When requesting one property of a file it should be possible to fill out more properties than absolutely needed as it might be practical to do that. The simplest providers would probably fill the whole structure no matter what is requested.

All pages (existing or nonexisting) would be objects implementing an interface capable of returning all this information as the page content permits.

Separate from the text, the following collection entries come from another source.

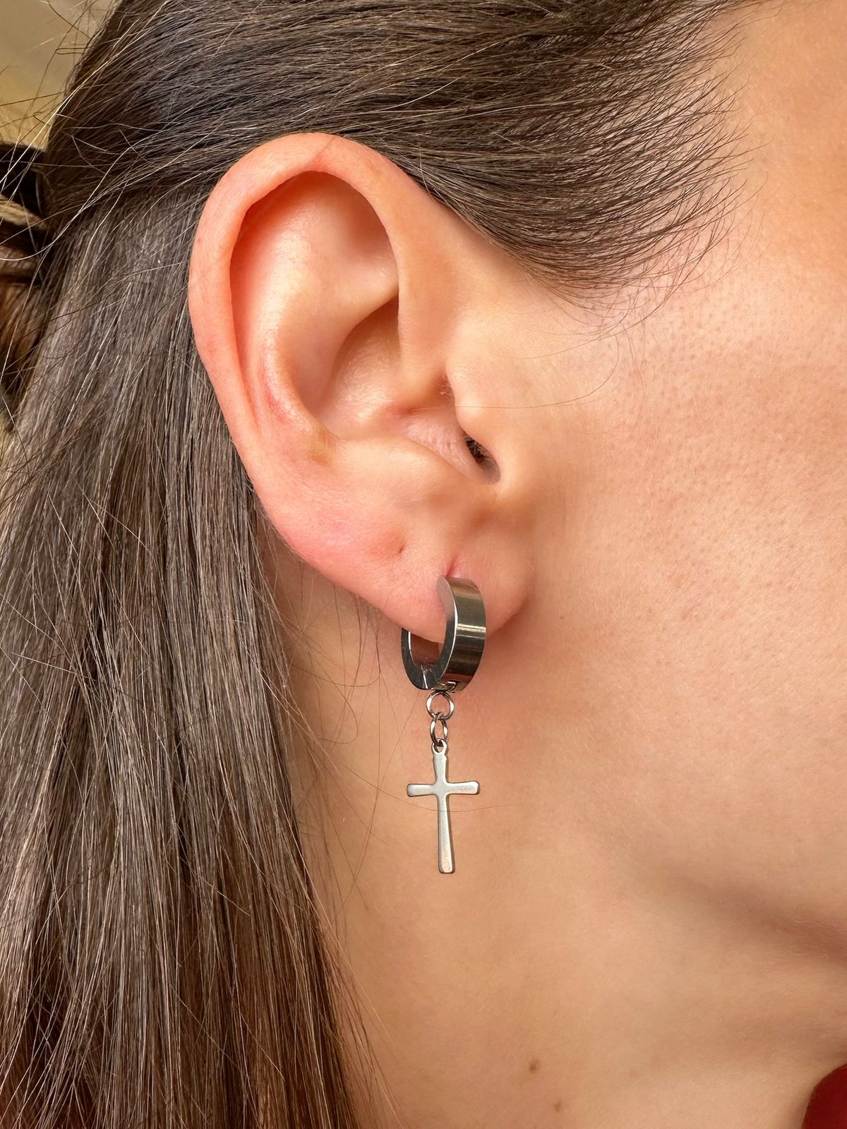 Argolinha Cruz feita em aço inox e não escurece. Argola de click com 5mm de largura e 1,0cm de diâmetro e a cruz com 2,0cm de altura.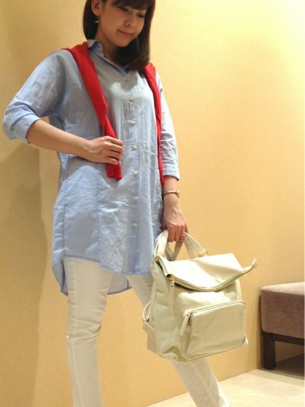 軽やかで爽やかなシャツワンピースに白のアンクルパンツを合わせて春らしい印象に♪ こちらのシャツワンピースはドルマン袖になっているため、肩まわりがゆったりとしていて窮屈さがないのもポイントです。 そして欠かせないアイテムが差し色のカーディガンで、肩掛けしても、もちろん袖を通しても◎ カラバリも豊富でこちらのレッドや、ブルー・イエローといったカラーが全体の印象をぐっと上げてくれます。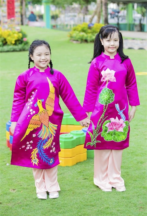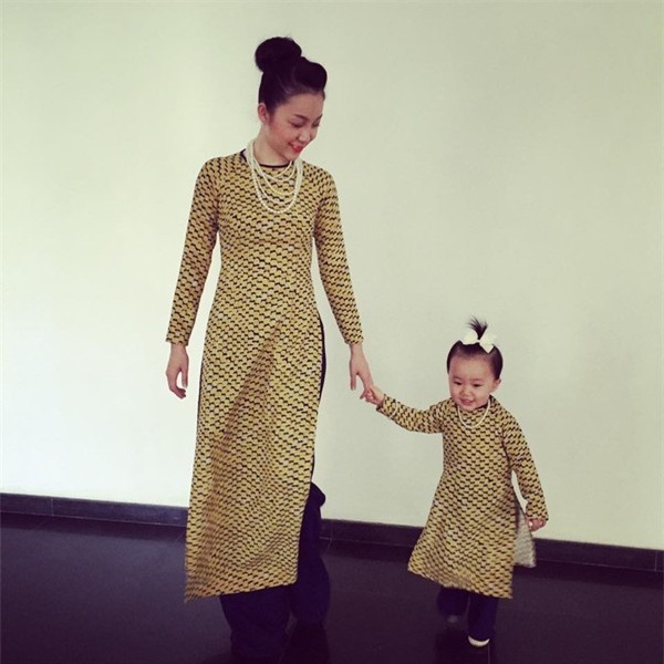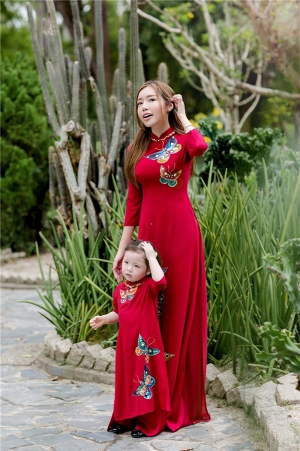 Những tà áo dài xinh xắn, họa tiết vui mắt của con gái Xuân Lan khiến người xem vô cùng thích thú. Cô bé tự do thoải mái vui đùa với phom dáng trang phục rộng. Sắc đỏ tươi hay tông màu hồng thẫm đều là lựa chọn tuyệt vời cho các bé trong dịp Tết này.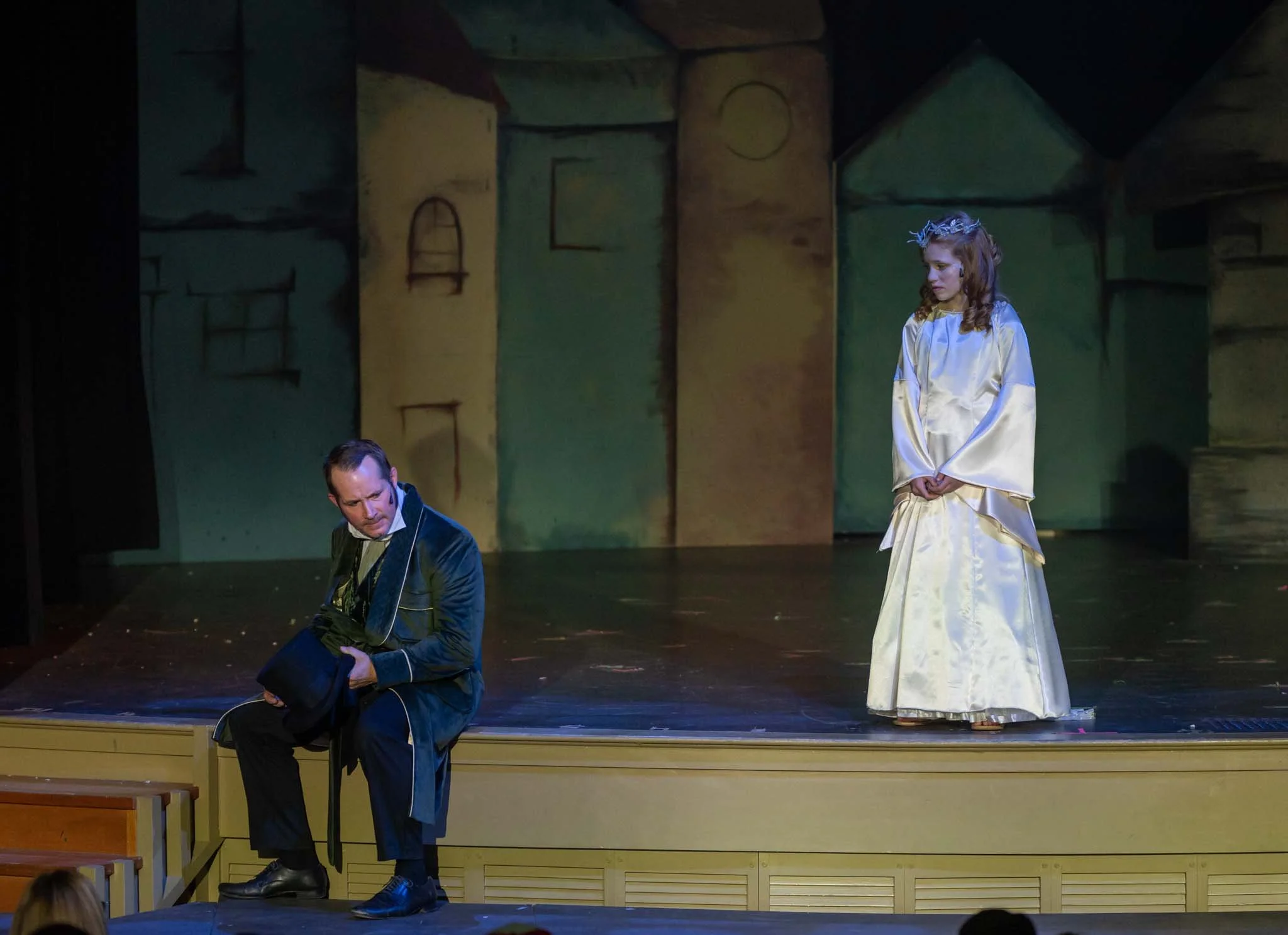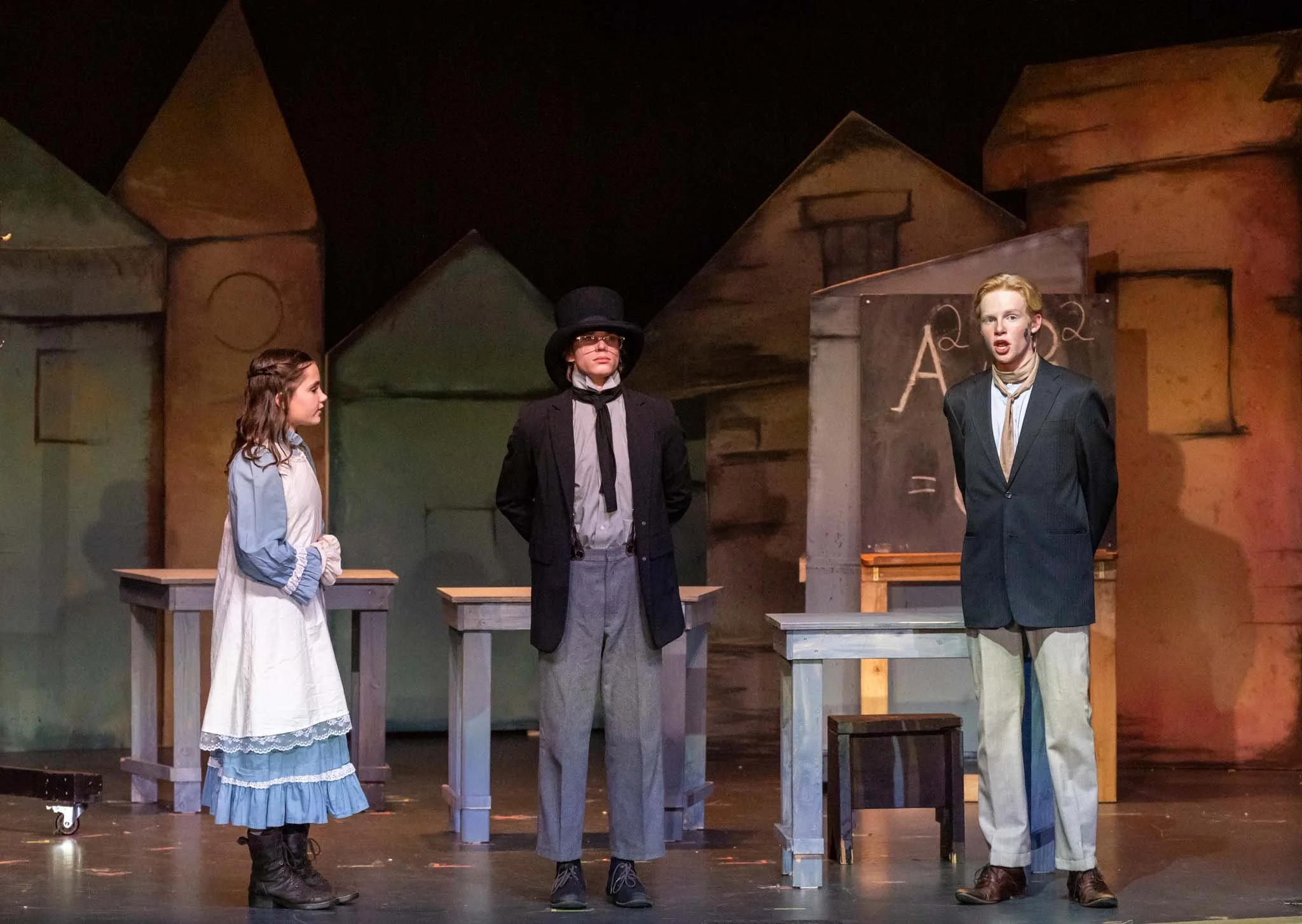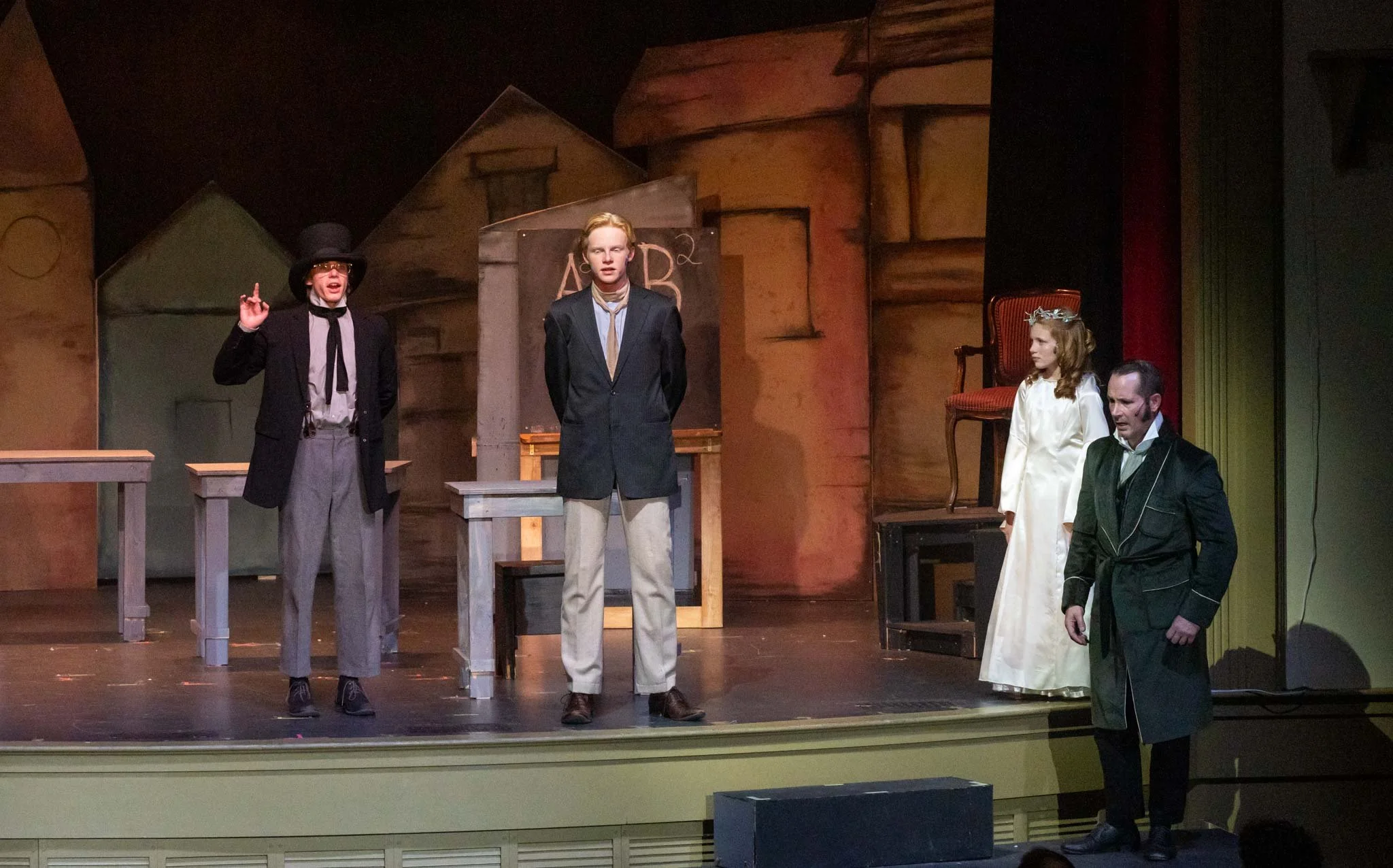 A theatrical stage scene with actors dressed in period costumes, including a man in a suit and hat, and children and teenagers dressed as townspeople, in front of painted backdrops of houses.

At we just fill a WikiPage structure and pass it to various providers that then request data relating to the page. This is very inefficient and causes multiple expensive DB requests when rendering pages.

Cache#

The cache needs to approach the pages as intelligent objects when doing expiration of page content. Calling refresh(), instead of reloading the page once it needs possible freshening. This way the page can use possible intelligence of the underlaying database or filesystem to check if it needs to refresh or invalidate some data. There are some issues that need to be checked when actually implementing this as some parts of data may expire at different times.

Implementation#

The current WikiPage object already implements most of the queries. WikiPage could actually act as an interface to the actual data. This might cause some problems as WikiPages can get created dynamically without actually communicating with a provider? Therefore a WikiPageContentProvider (having problems figuring out a good name) interface is probably needed.

There needs to be a master database connection and a place where to request a list of pages (including the subpages, even if they are currently handled by a different provider). This functionality is needed by all the WikiPageContentProviders in order for them to get data and to verify data validity.

Pros & cons#

Places both (Page and Attachment) providers under a single api from wiki perspective. This should make the actual wiki engine cleaner. The single provider might have to read data from two different kinds of databases in case the attachments and pages are stored in different databases (you have the wrong database chosen and should suffer anyways due to making a double implementation).

The functionality of the WikiPageContentProvider can be quite complex. Writing a simple base class that handles most of the complexity is probably wise.

This is becoming pretty complex and I don't see any point in implementing this unless someone else than me feels that his is of any value.

There might be more things that need to be stored (user settings, wiki settings, plugin settings). It would make sense to accommodate these somehow also.

NiiloNeuvo


Comments#

After looking at the times the PageProvider is accessed, and is actualy doing disk IO, I have implemented the following optimalizations on my system:

Effectivly my system currently has 2 levels of caching.

  1. the CachingProvider (caching processed pages) and the CachedAttachmentProvider (caching nonexisting pages)
  2. the PrevaylerProvider (keeping all current unprocessed versions of all pages)

Attachments are not cached.

At the moment I have a very few pages, so all this caching is realy just overkill :)

Side note: I've trailed from the JSPWiki tree pretty much now, so I decided to setup my own environment for my further developments. It is my intention to keepi a close eye on the JSPWiki cvs tree and merge those developments into my tree when applicable. If you like to see how it is working out... please visit https://www.aiko.sh/wiki_dev/

2003-09-01 AikoMastboom


Caching non-existant pages is a good source for memory leaks... 2.1.63 handles non-existant pages much more efficiently now, by simply assuming that if it's not on the list of all pages, it must not exist :-).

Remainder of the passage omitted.